What is the specific problem?

What is the proposed solution?

Who is the target population?

The previous three questions help shed light on what wireless design approach is viable. Asking more questions may help increase awareness. For example, what is the technical aptitude of the target population? Must all wireless components work autonomously without user interaction? How should the user interact with the system?

INTENDED REGION OF OPERATION

What countries is the device expected to operate?

Of course, the operating country will impact the appropriate medical and wireless regulations. For example, the FDA is the regulatory body of medical devices marketed in the United States. Also, because of FCC regulations, the devices’ operating frequency ranges will be limited and, therefore, a design factor. For example, in the case of LTE CAT 1, frequency Band 2 (downlink 1960 MHz and uplink 1880 MHz) can be used in the US [1]. However, in Europe, Band 2 is not permitted, and Band 28 must be used (downlink 780.5 MHz and uplink 725.5 MHz). If the device will be operated in both regions, one could either choose bands that are common to the target locations (ex. Band 1 – downlink 2140 MHz and uplink 1950 MHz) or provide a separate software configuration that is chosen depending on the location.  The frequencies can impact the size requirements of the circuit, since lower frequencies with multiple bands tend to take more space than a single banded high frequency circuit. So, tradeoffs between the operating bands/frequency and size (as well as operating power) are ubiquitous.

What about operating device user proximity?

Specific health guidelines also include safe distance of the wireless device from human tissue. For example, the Specific Absorption Rate (SAR) measures the rate at which RF energy is absorbed by the body. SAR testing uses models of the human body that are filled with liquids to simulate human tissue RF absorption [2]. For the frequency bands of interest, the SAR values are tested at the most severe (not necessarily typical) operating conditions. Therefore, in some cases, the SAR value may pertain to a position or direction that is seldomly used.

MEDICAL REGULATIONS

Considering the medical regulations as a whole package helps ensure nothing is missed in the early product development phases. Some regulations include:

Standard	Title
ISO 13485	Medical devices – Quality management systems
ISO 14971	Application of risk management to medical devices
IEC 60601	Medical electrical equipment requirements
IEC 62304	Medical device software – software life cycle processes

Ensuring that adequate medical device quality standard processes (ISO 13485) are in place prior to development is key. In terms of risk management (ISO 14971), identifying, documenting, and mitigating risks is paramount. So, addressing any Specific Absorbance Rate (SAR) concerns for wireless products is an example risk captured in the risk management process. Additionally, understanding how IEC 60601 requirements would impact the wireless design is essential.
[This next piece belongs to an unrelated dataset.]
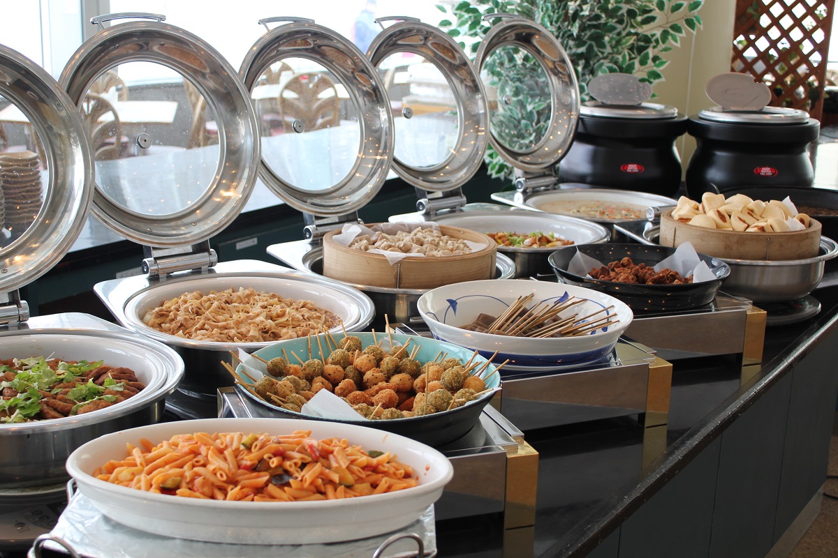 ホテルグリーンプラザ白馬の自慢が、信州の食材をふんだんに用いたグルメディナーバイキング。信州産の食材を使った和洋約50種類ものメニューがずらっと並ぶ。シェフが目の前で調理するライブキッチンでは、信州ブランドポークのステーキ、季節の揚げたて天ぷらなどを提供。皮パリパリの山賊焼き、おたぐりなどの信州の郷土料理も味わえます(季節により異なる)。

For example, if an audible alarm is required for IEC 60601 to warm of an imminent failure, must that capture any failures associated with the wireless components?  Finally, understanding how the software aspects of medical device certification in the context of the hardware component selection is important. What specific wireless functions must be certified to what specific software class level? The answer clearly depends on the consequence of the component’s failure.

As a result, all these aspects are interconnected and should be analyzed together.

WIRELESS REGULATIONS & CERTIFICATIONS

What regulatory body(s) is/are required?

The FCC is the regulatory body in the United States that specifies whether a specific device can operate at a specific frequency with a specified power level in specific directions for a designated application.

• FCC Part 15B: Unintentional Radiator
• FCC Part 15C-F, H: Intentional Radiator

The unintentional radiator categoryspecifies the acceptable power levels for frequencies operating between 9 KHz and 3 THz but not “intended to emit RF energy wirelessly.” [3]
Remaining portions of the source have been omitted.